What you are asked to do:
Wherever an image appears in the entries, drop it and reproduce everything else exactly.

━━━━━━

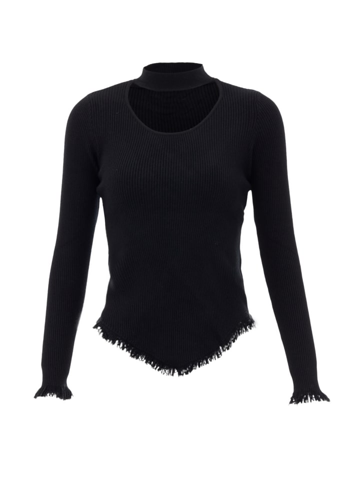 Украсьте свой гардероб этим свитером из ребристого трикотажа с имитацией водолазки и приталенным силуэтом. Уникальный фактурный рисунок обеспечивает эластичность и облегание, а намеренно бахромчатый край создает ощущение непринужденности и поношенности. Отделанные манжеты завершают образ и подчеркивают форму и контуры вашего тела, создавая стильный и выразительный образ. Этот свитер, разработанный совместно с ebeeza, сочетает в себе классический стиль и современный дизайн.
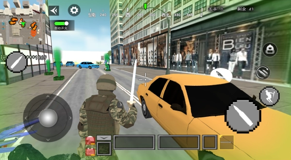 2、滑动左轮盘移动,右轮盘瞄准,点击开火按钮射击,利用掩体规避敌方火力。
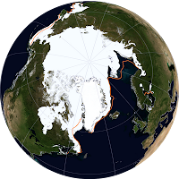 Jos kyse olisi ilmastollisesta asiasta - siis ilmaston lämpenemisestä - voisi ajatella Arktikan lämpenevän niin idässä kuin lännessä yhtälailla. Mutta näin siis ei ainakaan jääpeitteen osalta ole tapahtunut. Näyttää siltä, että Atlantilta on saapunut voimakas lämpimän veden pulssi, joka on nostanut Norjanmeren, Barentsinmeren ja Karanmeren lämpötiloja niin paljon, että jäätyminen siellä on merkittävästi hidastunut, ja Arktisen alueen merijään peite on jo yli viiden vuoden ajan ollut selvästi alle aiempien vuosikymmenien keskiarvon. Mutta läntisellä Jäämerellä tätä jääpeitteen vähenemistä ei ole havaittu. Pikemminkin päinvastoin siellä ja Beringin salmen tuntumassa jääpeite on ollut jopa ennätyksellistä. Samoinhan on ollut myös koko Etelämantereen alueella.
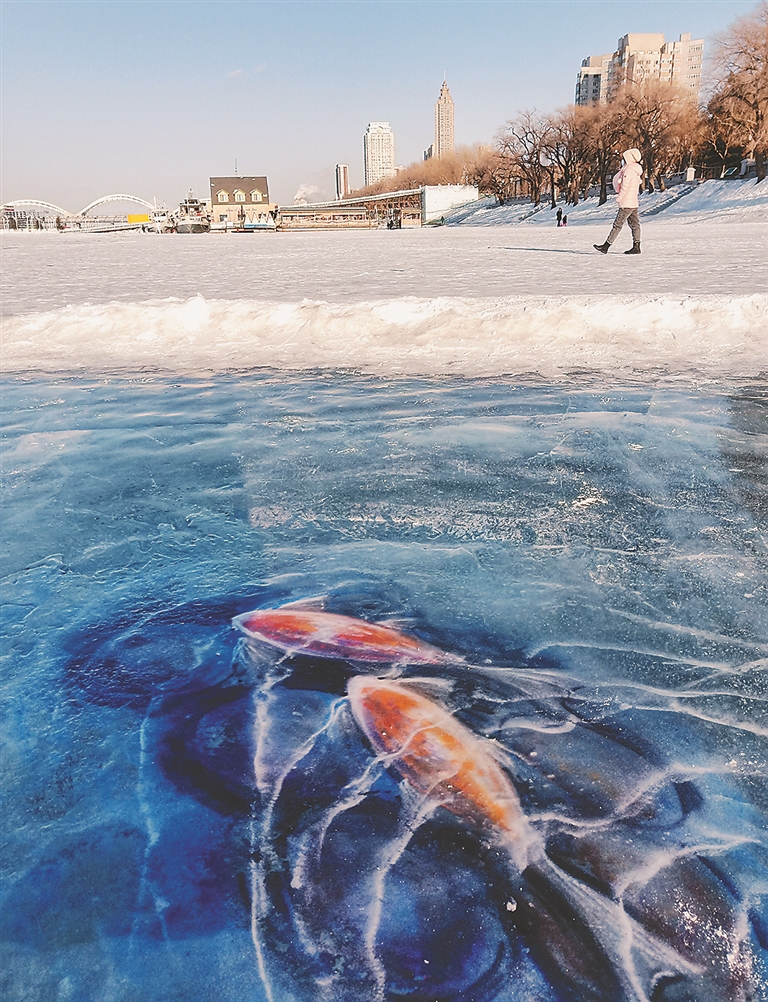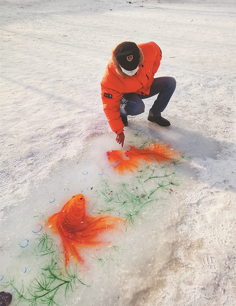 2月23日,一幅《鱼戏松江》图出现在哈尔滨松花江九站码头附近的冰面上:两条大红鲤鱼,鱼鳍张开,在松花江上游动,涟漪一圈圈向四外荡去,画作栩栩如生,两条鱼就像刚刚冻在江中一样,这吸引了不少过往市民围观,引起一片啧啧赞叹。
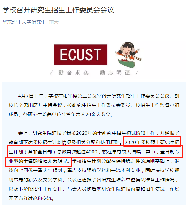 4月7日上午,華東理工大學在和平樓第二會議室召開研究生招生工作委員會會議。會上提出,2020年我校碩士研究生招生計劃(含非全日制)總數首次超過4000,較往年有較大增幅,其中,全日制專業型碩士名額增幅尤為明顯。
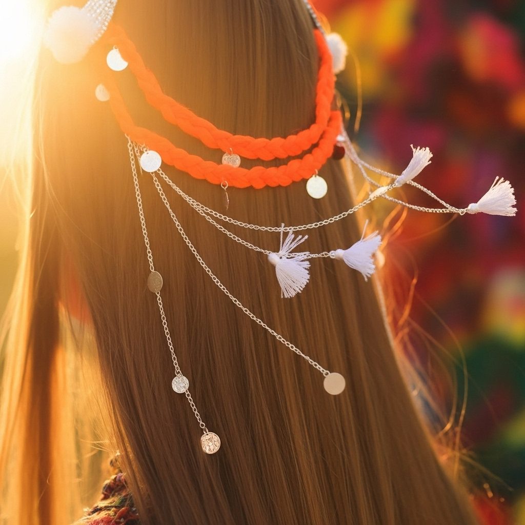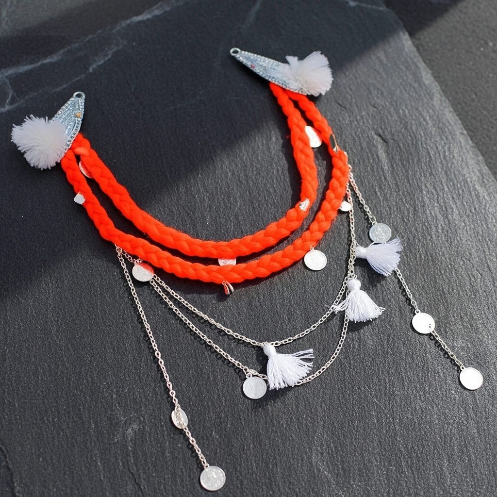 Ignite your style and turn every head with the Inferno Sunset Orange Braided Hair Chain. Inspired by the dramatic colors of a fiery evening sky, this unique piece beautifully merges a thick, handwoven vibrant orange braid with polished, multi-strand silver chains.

━━━━━━

Reply:
 Украсьте свой гардероб этим свитером из ребристого трикотажа с имитацией водолазки и приталенным силуэтом. Уникальный фактурный рисунок обеспечивает эластичность и облегание, а намеренно бахромчатый край создает ощущение непринужденности и поношенности. Отделанные манжеты завершают образ и подчеркивают форму и контуры вашего тела, создавая стильный и выразительный образ. Этот свитер, разработанный совместно с ebeeza, сочетает в себе классический стиль и современный дизайн.
 2、滑动左轮盘移动,右轮盘瞄准,点击开火按钮射击,利用掩体规避敌方火力。
 Jos kyse olisi ilmastollisesta asiasta - siis ilmaston lämpenemisestä - voisi ajatella Arktikan lämpenevän niin idässä kuin lännessä yhtälailla. Mutta näin siis ei ainakaan jääpeitteen osalta ole tapahtunut. Näyttää siltä, että Atlantilta on saapunut voimakas lämpimän veden pulssi, joka on nostanut Norjanmeren, Barentsinmeren ja Karanmeren lämpötiloja niin paljon, että jäätyminen siellä on merkittävästi hidastunut, ja Arktisen alueen merijään peite on jo yli viiden vuoden ajan ollut selvästi alle aiempien vuosikymmenien keskiarvon. Mutta läntisellä Jäämerellä tätä jääpeitteen vähenemistä ei ole havaittu. Pikemminkin päinvastoin siellä ja Beringin salmen tuntumassa jääpeite on ollut jopa ennätyksellistä. Samoinhan on ollut myös koko Etelämantereen alueella.
 2月23日,一幅《鱼戏松江》图出现在哈尔滨松花江九站码头附近的冰面上:两条大红鲤鱼,鱼鳍张开,在松花江上游动,涟漪一圈圈向四外荡去,画作栩栩如生,两条鱼就像刚刚冻在江中一样,这吸引了不少过往市民围观,引起一片啧啧赞叹。
 4月7日上午,華東理工大學在和平樓第二會議室召開研究生招生工作委員會會議。會上提出,2020年我校碩士研究生招生計劃(含非全日制)總數首次超過4000,較往年有較大增幅,其中,全日制專業型碩士名額增幅尤為明顯。
 Ignite your style and turn every head with the Inferno Sunset Orange Braided Hair Chain. Inspired by the dramatic colors of a fiery evening sky, this unique piece beautifully merges a thick, handwoven vibrant orange braid with polished, multi-strand silver chains.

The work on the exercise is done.